[Extracted records]
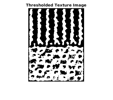 Этот пример продолжается путем обработки энтропийного изображения структуры Eim. Можно повторить подобный процесс для других двух типов изображений структуры с другими морфологическими функциями, чтобы достигнуть подобных результатов сегментации.
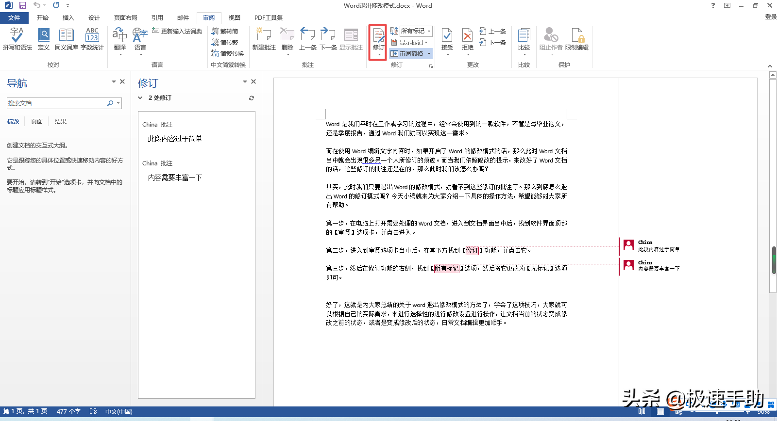 第六步,最后回到word文档界面后,在审阅窗格的修订中也没有了批注的标记,文档界面变得很干净了。
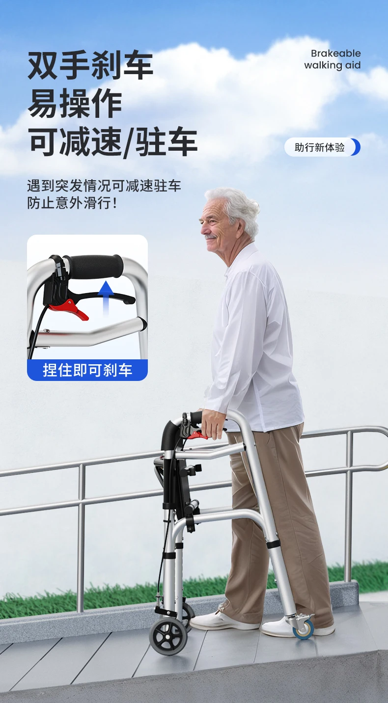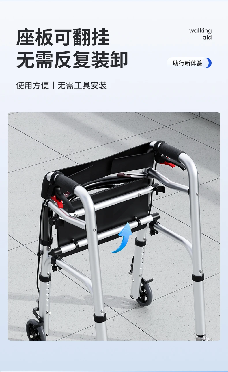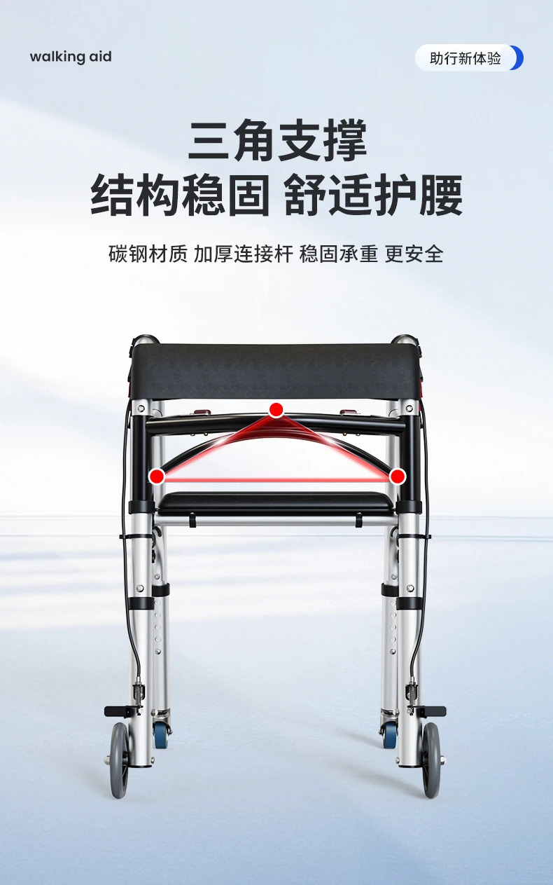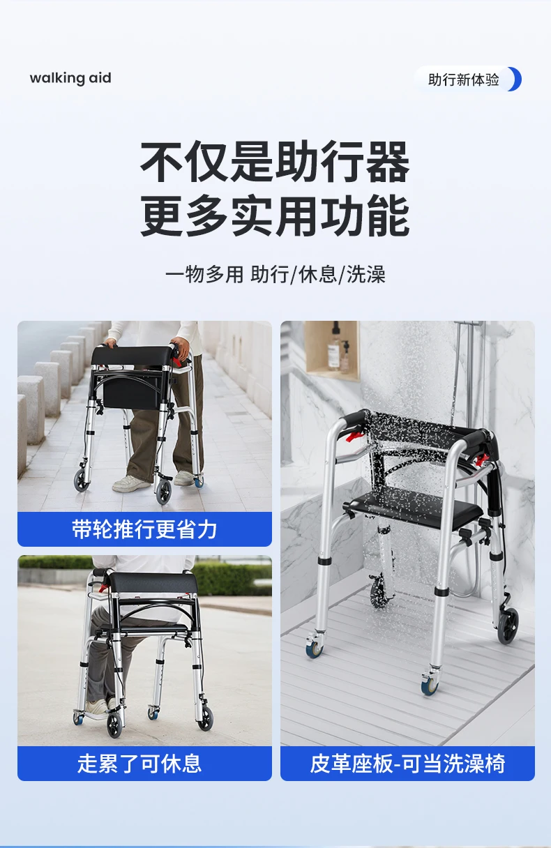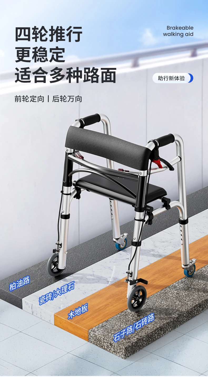Elderly Rollator Walker with Seat Foldable Mobility Aid for Seniors Leather Backrest Four Wheels Easy to Push and Sit Stable
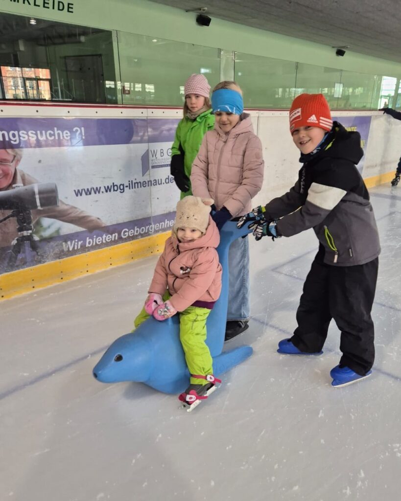 Am Abreisetag folgte noch ein besonderes Highlight ⭐: ein Besuch der Eishalle in Ilmenau ⛸️ für ein kleines Schlittschuh-Training. Es war ein wertvolles Training für beide Teams – denn ohne gutes Gleichgewicht funktionieren weder Skispringen noch Skilanglauf.
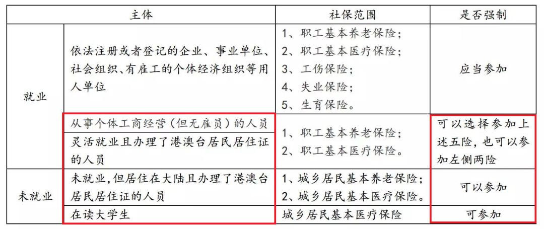 2、除此外如个体工商经营者、在大陆居住但未就业者,及就读学生等,使用的是“可以”而非“应当”,实际上是赋予了该类人员的自主选择权。
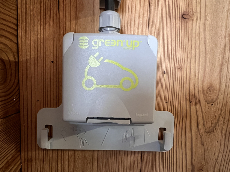 Garaje para un coche, recarga eléctrica con enchufe GREEN UP para vehículos híbridos, tres plazas de aparcamiento en la calle de fácil acceso.
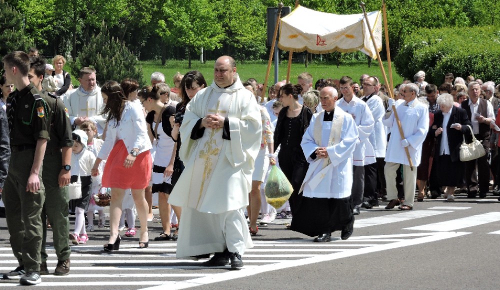 - Chrystus, który wstÄ…piÅ‚ do nieba i w nim zostaÅ‚, dziÅ› na nowo otwiera niebo przed nami żeby przybliżyć tajemnicÄ™ Eucharystii. Dlatego kiedy wyjdziemy na ulice miasta w tej procesji, nie zwracajmy uwagi na sprawy przyziemne. W tym momencie odnówmy w sobie miÅ‚ość do sakramentu Eucharystii, do tego, co jest istotÄ… miÅ‚oÅ›ci tego, który z nieba zstÄ™puje, po to, żebyÅ›my już tu, na ziemi, mieli dla siebie kawaÅ‚ek nieba – w homilii mówiÅ‚ ks. Marek Borysiak, proboszcz parafii pw. MBM.
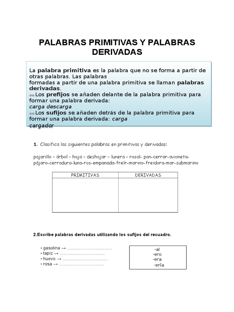 Calameo Palabras Primitivas Y Derivadas Con Actividades 1
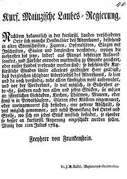 - ^ Pelgen, Franz Stephan, ed. (2003). Mainz: vom "elenden Steinklumpen" zum Denkmal ; aus der Geschichte der Mainzer Römerruinen [Mainz: from a "miserable lump of stone" to a monument ; from the history of the Roman ruins in Mainz]. Archäologische Ortsbetrachtungen (in German). Mainz am Rhein: von Zabern. p. 30. ISBN 978-3-8053-3283-5.

• **Problem to work on**
Give every line above again exactly, omitting whatever pictures appear.

• **Task result**
 Этот пример продолжается путем обработки энтропийного изображения структуры Eim. Можно повторить подобный процесс для других двух типов изображений структуры с другими морфологическими функциями, чтобы достигнуть подобных результатов сегментации.
 第六步,最后回到word文档界面后,在审阅窗格的修订中也没有了批注的标记,文档界面变得很干净了。
Elderly Rollator Walker with Seat Foldable Mobility Aid for Seniors Leather Backrest Four Wheels Easy to Push and Sit Stable
 Am Abreisetag folgte noch ein besonderes Highlight ⭐: ein Besuch der Eishalle in Ilmenau ⛸️ für ein kleines Schlittschuh-Training. Es war ein wertvolles Training für beide Teams – denn ohne gutes Gleichgewicht funktionieren weder Skispringen noch Skilanglauf.
 2、除此外如个体工商经营者、在大陆居住但未就业者,及就读学生等,使用的是“可以”而非“应当”,实际上是赋予了该类人员的自主选择权。
 Garaje para un coche, recarga eléctrica con enchufe GREEN UP para vehículos híbridos, tres plazas de aparcamiento en la calle de fácil acceso.
 - Chrystus, który wstÄ…piÅ‚ do nieba i w nim zostaÅ‚, dziÅ› na nowo otwiera niebo przed nami żeby przybliżyć tajemnicÄ™ Eucharystii. Dlatego kiedy wyjdziemy na ulice miasta w tej procesji, nie zwracajmy uwagi na sprawy przyziemne. W tym momencie odnówmy w sobie miÅ‚ość do sakramentu Eucharystii, do tego, co jest istotÄ… miÅ‚oÅ›ci tego, który z nieba zstÄ™puje, po to, żebyÅ›my już tu, na ziemi, mieli dla siebie kawaÅ‚ek nieba – w homilii mówiÅ‚ ks. Marek Borysiak, proboszcz parafii pw. MBM.
 Calameo Palabras Primitivas Y Derivadas Con Actividades 1
 - ^ Pelgen, Franz Stephan, ed. (2003). Mainz: vom "elenden Steinklumpen" zum Denkmal ; aus der Geschichte der Mainzer Römerruinen [Mainz: from a "miserable lump of stone" to a monument ; from the history of the Roman ruins in Mainz]. Archäologische Ortsbetrachtungen (in German). Mainz am Rhein: von Zabern. p. 30. ISBN 978-3-8053-3283-5.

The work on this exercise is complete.